[Input data]

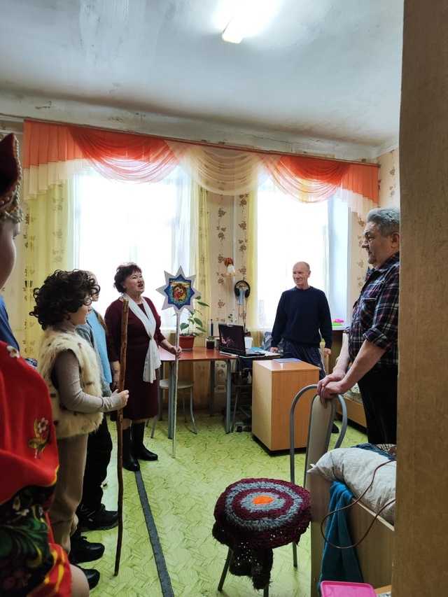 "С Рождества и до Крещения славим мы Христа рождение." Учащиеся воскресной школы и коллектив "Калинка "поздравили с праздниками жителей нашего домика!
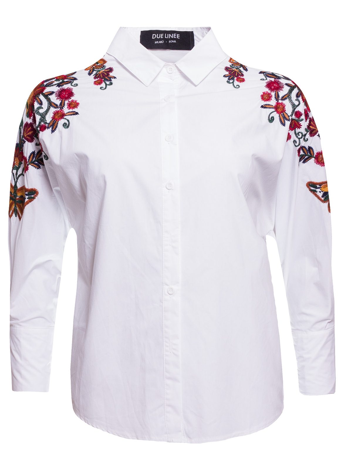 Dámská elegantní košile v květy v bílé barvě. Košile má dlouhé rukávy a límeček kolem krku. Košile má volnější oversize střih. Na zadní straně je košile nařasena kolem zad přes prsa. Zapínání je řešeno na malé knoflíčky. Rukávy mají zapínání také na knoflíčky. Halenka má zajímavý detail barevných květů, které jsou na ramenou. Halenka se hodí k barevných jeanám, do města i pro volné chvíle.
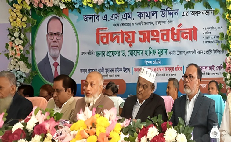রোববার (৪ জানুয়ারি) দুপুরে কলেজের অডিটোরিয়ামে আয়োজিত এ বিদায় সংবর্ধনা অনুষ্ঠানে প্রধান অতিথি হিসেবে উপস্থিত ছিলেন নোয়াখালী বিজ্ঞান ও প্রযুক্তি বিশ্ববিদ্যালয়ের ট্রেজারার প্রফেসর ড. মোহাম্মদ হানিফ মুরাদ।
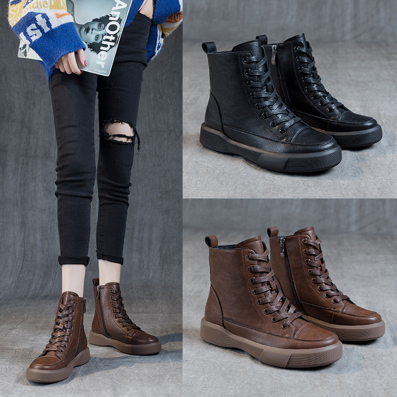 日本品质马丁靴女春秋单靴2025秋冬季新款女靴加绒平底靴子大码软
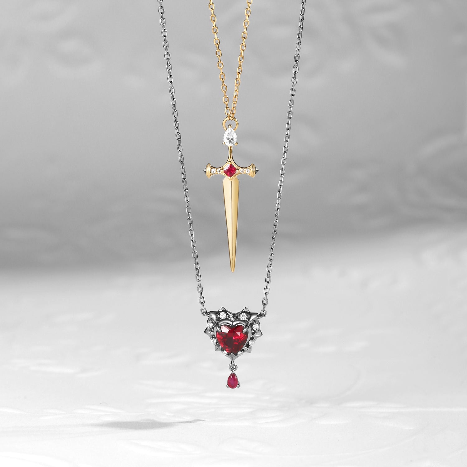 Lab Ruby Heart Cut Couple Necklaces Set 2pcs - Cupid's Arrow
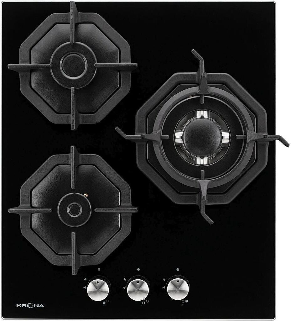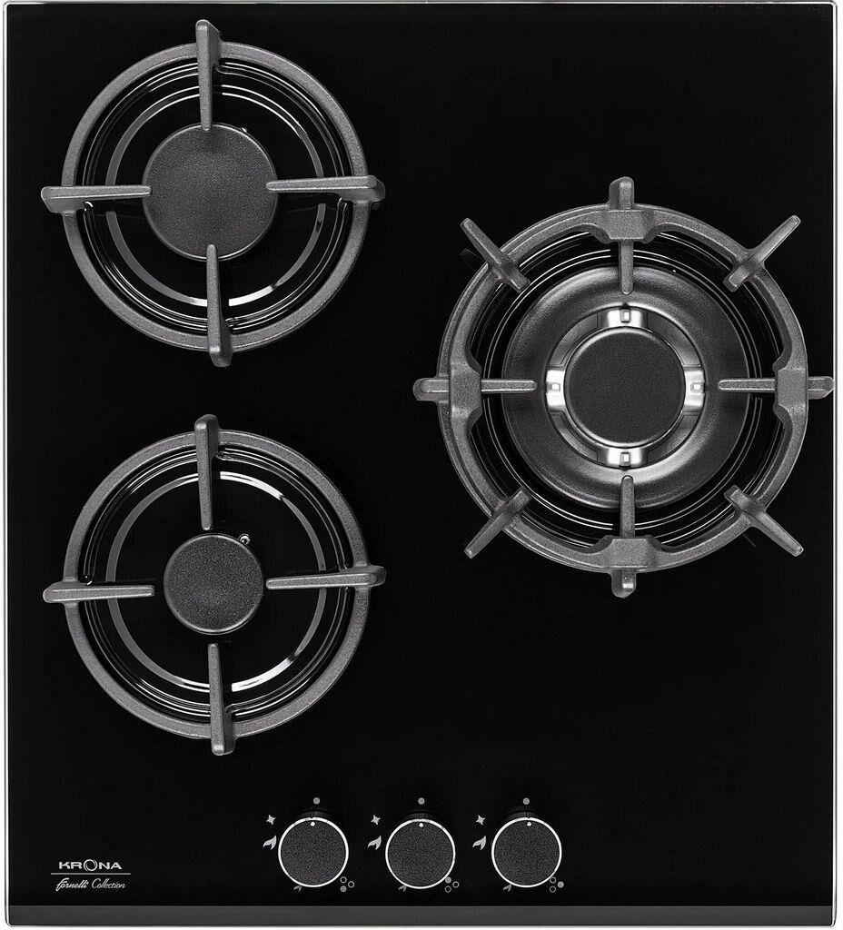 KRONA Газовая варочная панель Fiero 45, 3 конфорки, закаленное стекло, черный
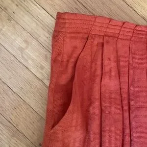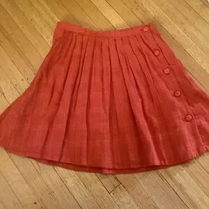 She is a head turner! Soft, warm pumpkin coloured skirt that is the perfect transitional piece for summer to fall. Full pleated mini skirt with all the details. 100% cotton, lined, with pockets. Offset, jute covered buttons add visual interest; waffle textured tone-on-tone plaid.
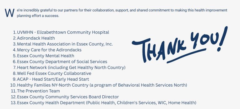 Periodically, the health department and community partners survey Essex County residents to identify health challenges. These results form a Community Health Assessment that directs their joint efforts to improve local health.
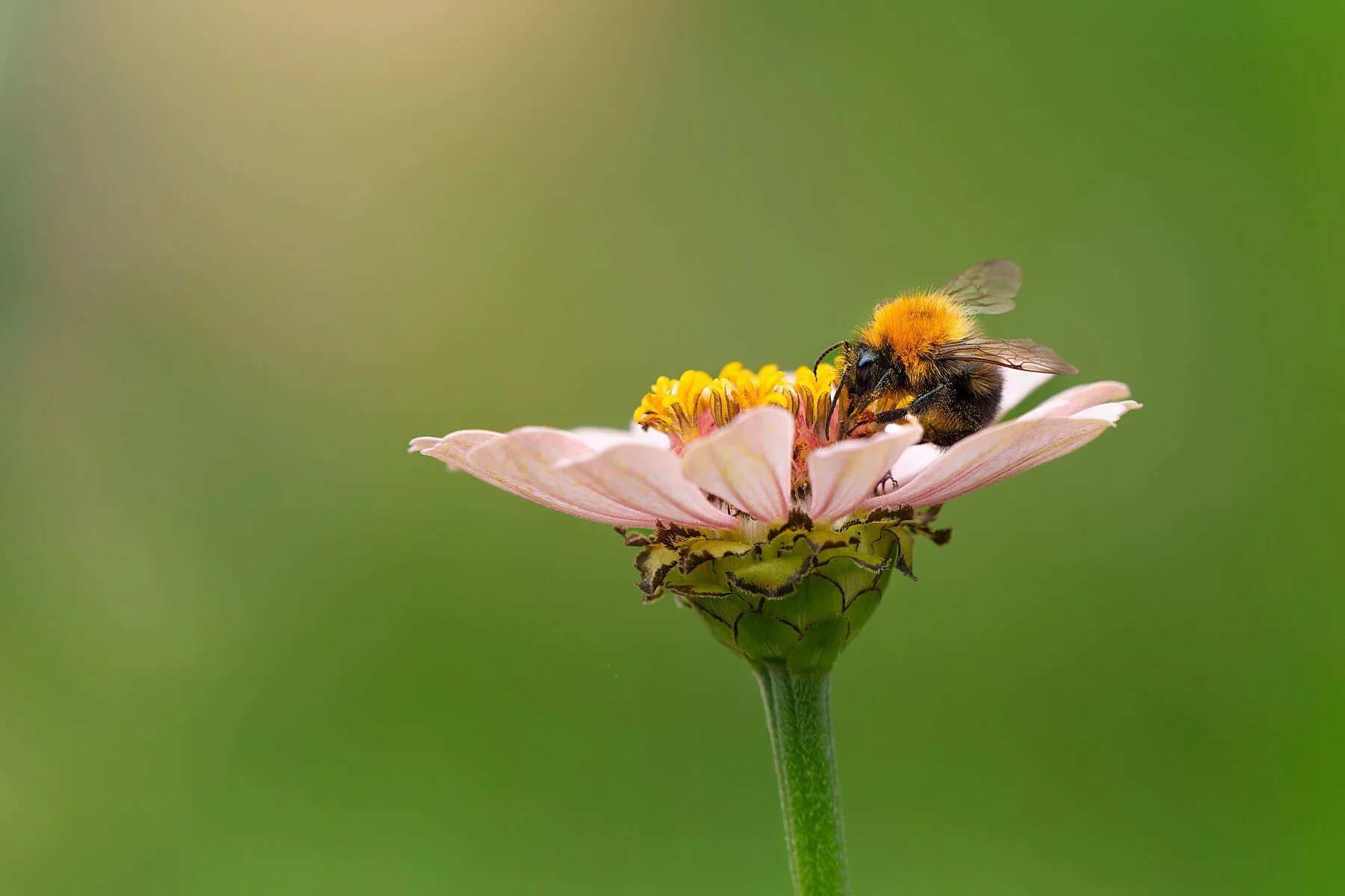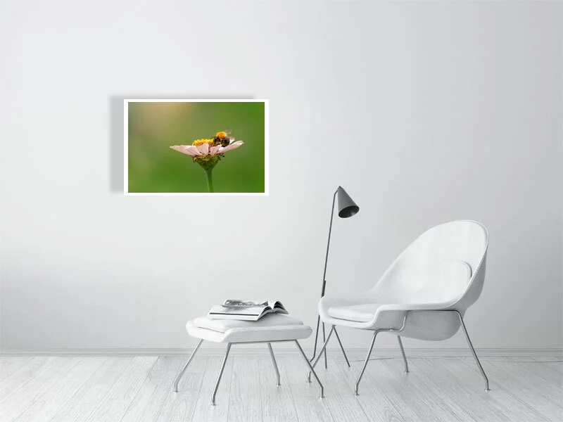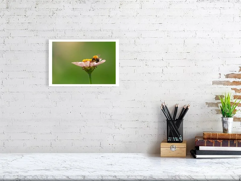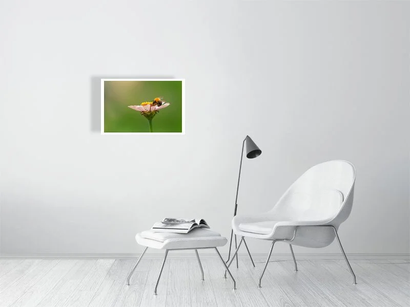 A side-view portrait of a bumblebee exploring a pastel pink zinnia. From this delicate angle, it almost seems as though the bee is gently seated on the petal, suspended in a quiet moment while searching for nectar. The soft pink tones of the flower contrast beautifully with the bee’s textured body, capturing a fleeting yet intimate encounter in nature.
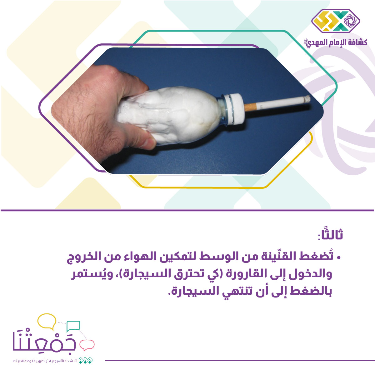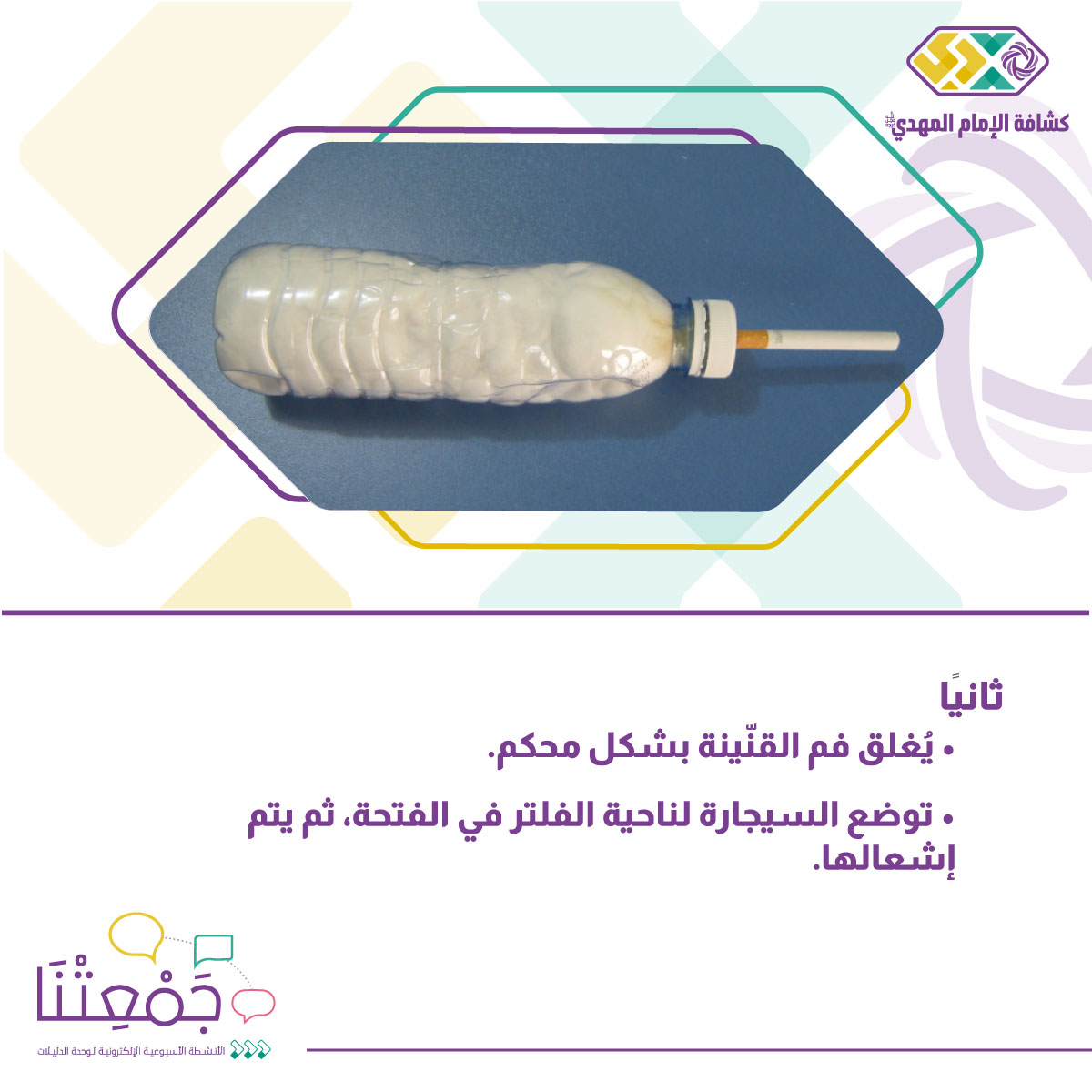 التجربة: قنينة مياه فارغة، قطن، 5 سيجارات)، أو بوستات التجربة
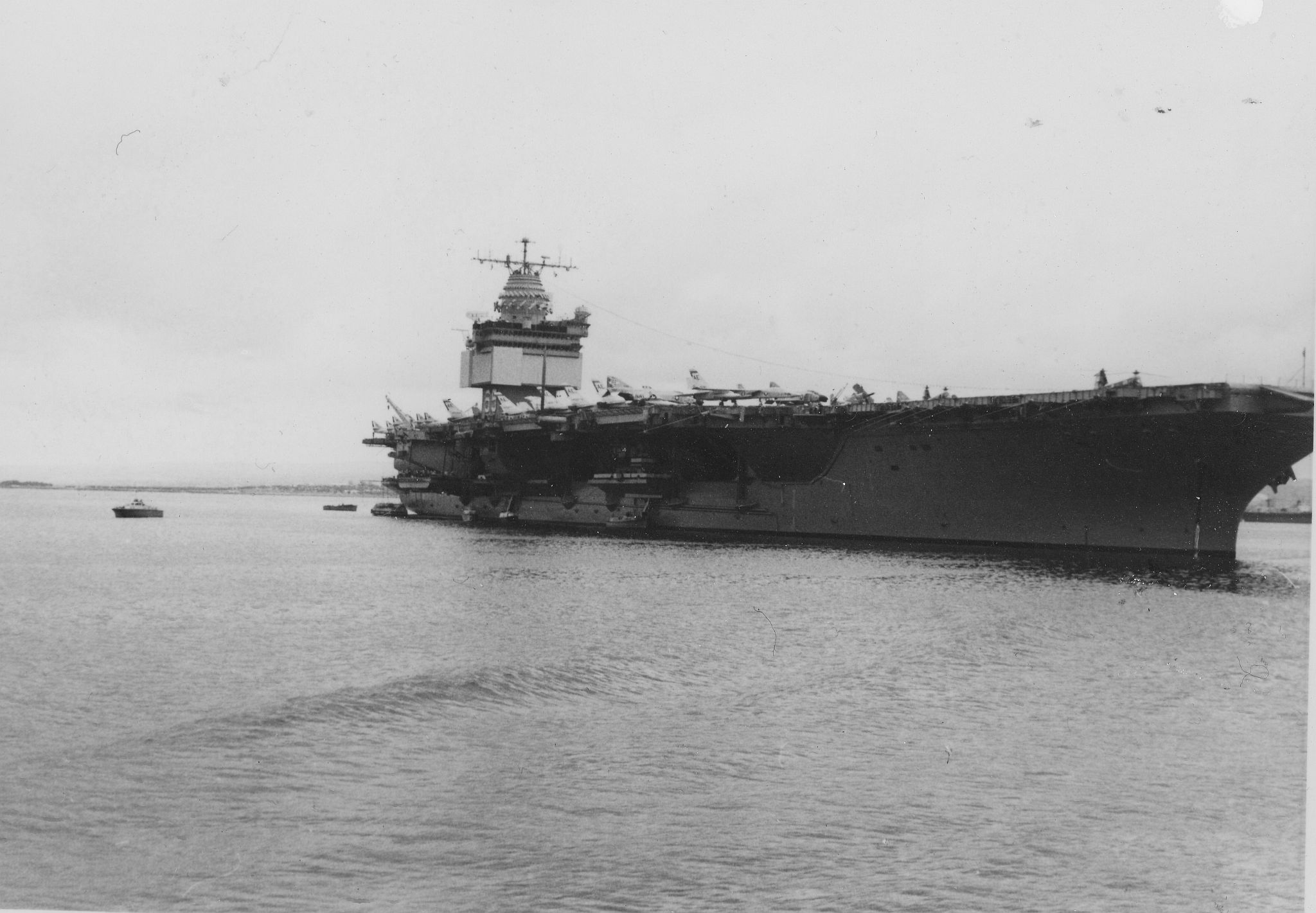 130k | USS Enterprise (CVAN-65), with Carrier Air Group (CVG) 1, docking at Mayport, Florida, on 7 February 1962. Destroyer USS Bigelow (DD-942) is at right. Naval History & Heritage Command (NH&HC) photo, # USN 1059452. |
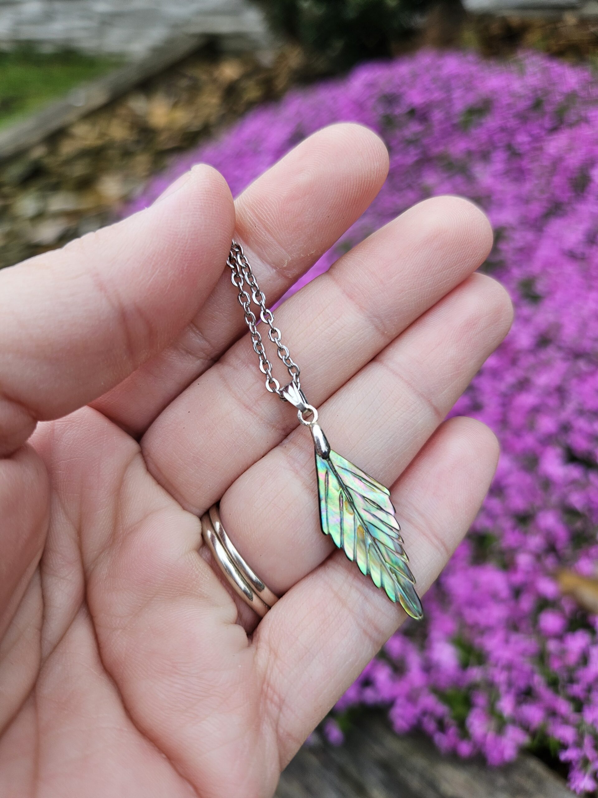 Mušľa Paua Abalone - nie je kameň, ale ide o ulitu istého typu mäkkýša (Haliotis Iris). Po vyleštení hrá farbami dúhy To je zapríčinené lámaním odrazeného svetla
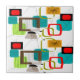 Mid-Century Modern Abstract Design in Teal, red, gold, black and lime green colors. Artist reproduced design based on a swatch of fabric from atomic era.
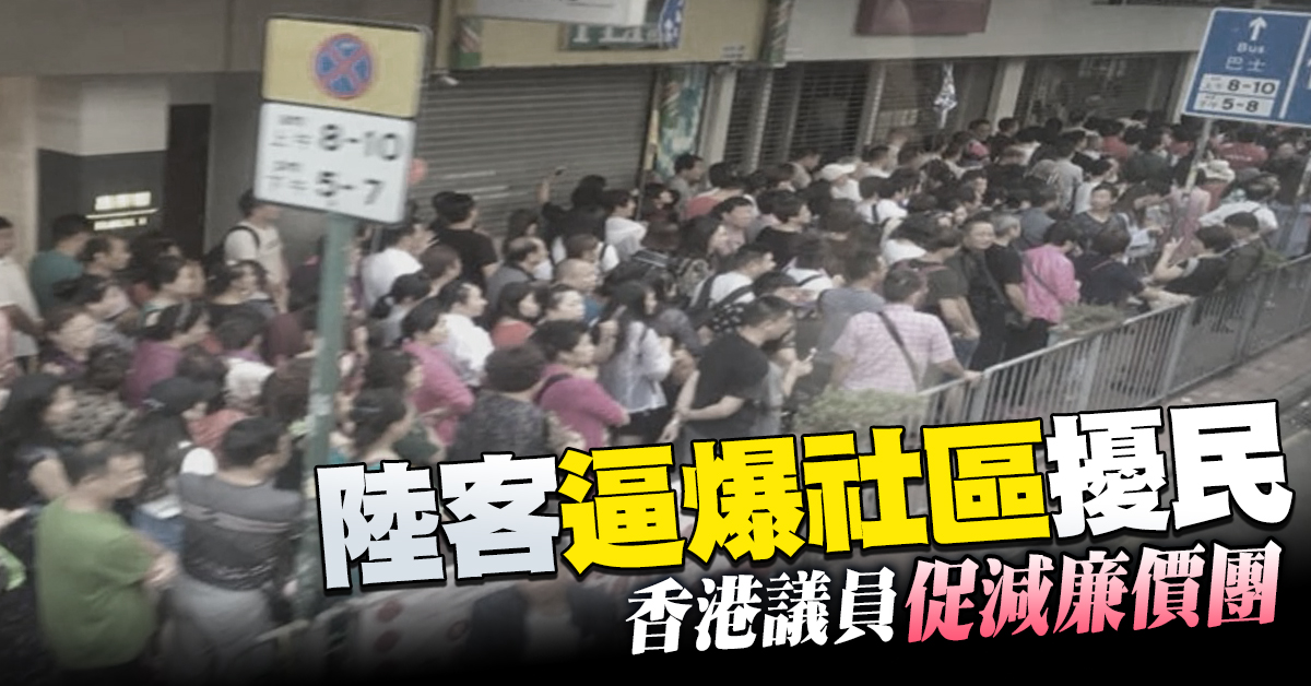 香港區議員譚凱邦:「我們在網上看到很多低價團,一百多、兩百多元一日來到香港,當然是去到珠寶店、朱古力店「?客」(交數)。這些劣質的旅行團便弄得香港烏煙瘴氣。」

[/Input data]

** Exercise instructions **
From the records above, copy only the lines running from the line holding "Lab Ruby Heart" through the line holding "KRONA Газовая варочная", with no pictures.

** Final answer **
 Lab Ruby Heart Cut Couple Necklaces Set 2pcs - Cupid's Arrow
 KRONA Газовая варочная панель Fiero 45, 3 конфорки, закаленное стекло, черный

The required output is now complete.